Foreigners can own property in designated freehold areas in Dubai and RAK without any restrictions. These areas include Hayat Island, Mina Al Arab, and Al Marjan Island in RAK, and Palm Jumeirah, Dubai Marina, and JVC in Dubai.

What is the average price per sqft for properties in Dubai?

The average price per sqft for properties in Dubai was AED 1,759 in Q1 2026, with off-plan properties averaging AED 2,047/sqft and ready properties at AED 1,713/sqft (Dubai Land Department).

How do rental yields compare between Dubai and RAK?

Rental yields in RAK, particularly on Hayat Island, range from 6–8%, while in Dubai, yields in areas like Dubai Marina are between 4–6% (ValuStrat).
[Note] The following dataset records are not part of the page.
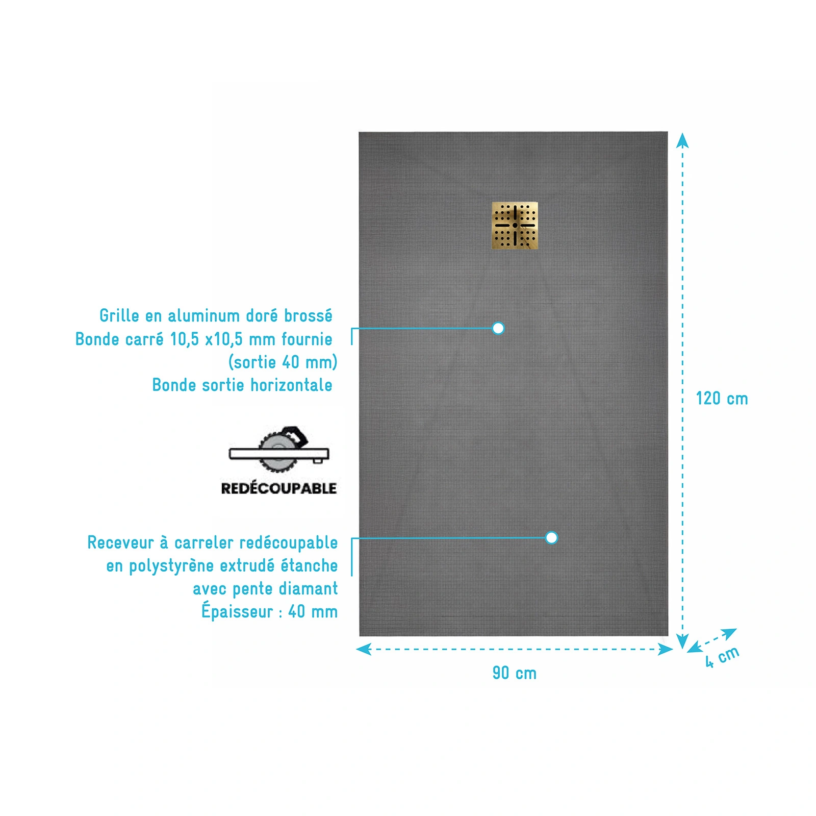 Receveur de douche à carreler 120×90 cm avec bonde écoulement linéaire – Grille finition or brossé
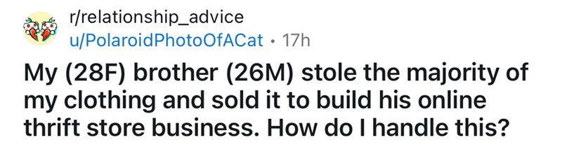 Woman's Brother Steals Her Clothes to Sell in His Online Thrift Store, Dad Sides with Brother and Threatens to Kick Her Out if She Files Police Report
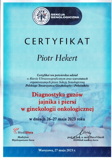 - Kurs „Diagnostyka guzów jajnika i piersi w ginekologii onkologicznej” PTGiP Warszawa 26-27.05.2023
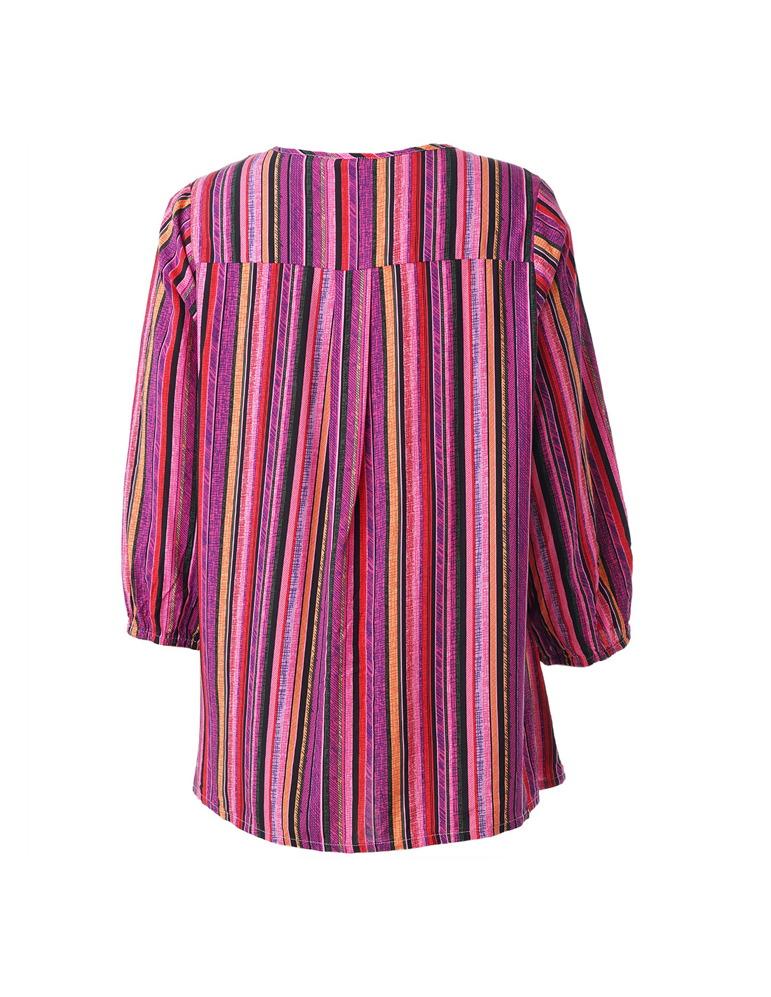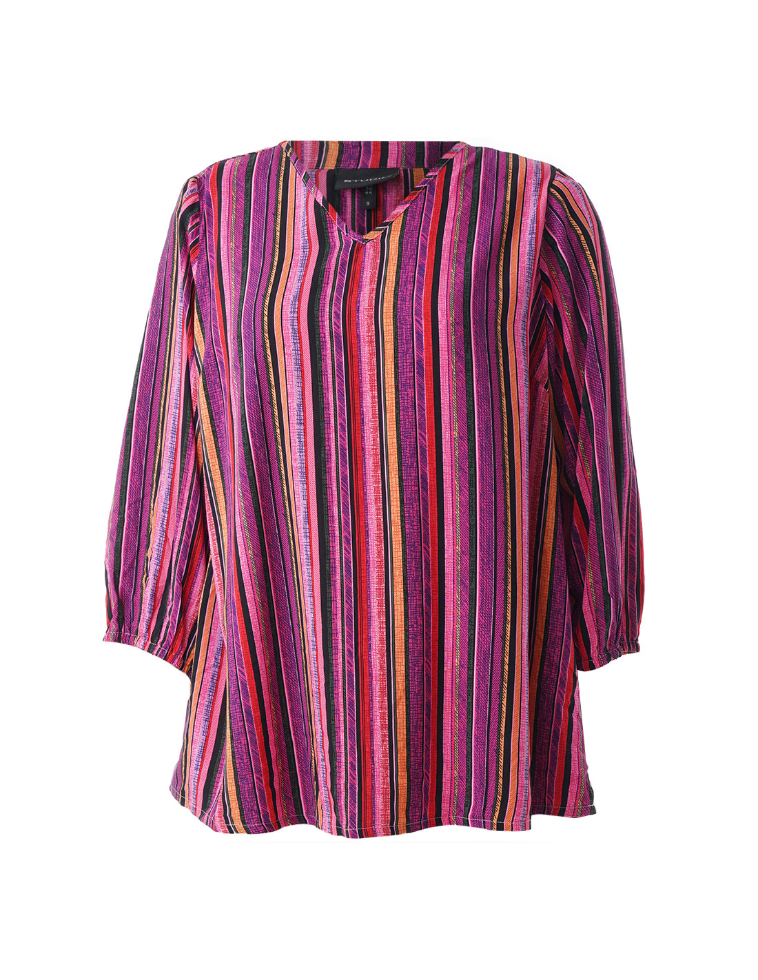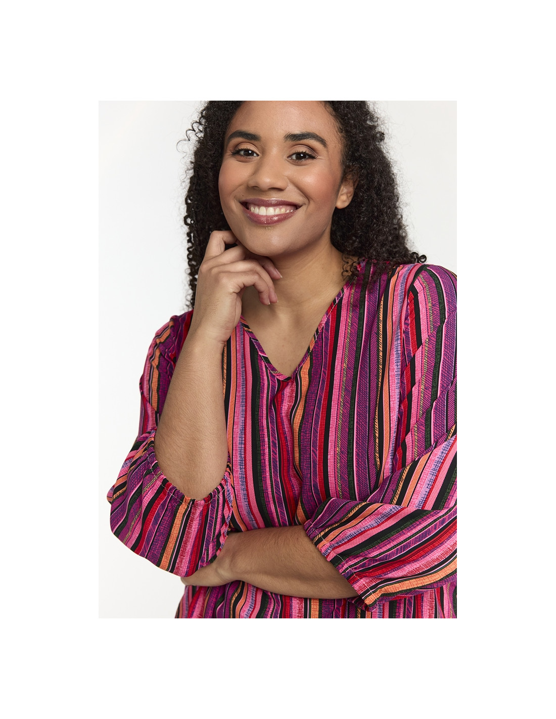 En bluse i 100 % viskose med et dekorativt rosa firkanttrykk i nyanser av rosa og hvitt. Modellen har V-hals som fremhever det feminine uttrykket. De lange ermene er avsluttet med strikk som gir volum og komfort.

What is the capital growth outlook for Dubai's real estate?

Dubai's residential capital values are projected to increase by 10% in 2026, reflecting a positive growth outlook (ValuStrat).

How does the upcoming Wynn Al Marjan impact property values in RAK?

The opening of Wynn Al Marjan is expected to boost property values in RAK, particularly in areas like Hayat Island, due to increased tourism and economic activity (RAK Properties).

What are the implications of RERA's rent increase limits on property investment?

RERA's rent increase limits can affect potential rental yields for investors. Understanding these regulations is crucial for assessing the return on investment for property in Dubai and RAK.

What are the benefits of buying property on Hayat Island?

Properties on Hayat Island offer competitive prices, ranging from AED 800 to AED 1,100 per sqft, with rental yields of 6–8% and significant capital growth potential (ValuStrat).

How does the trust account rule by DLD affect property transactions?

The trust account rule by DLD increases transparency in property transactions, ensuring that funds are safeguarded until project completion, which protects both buyers and developers.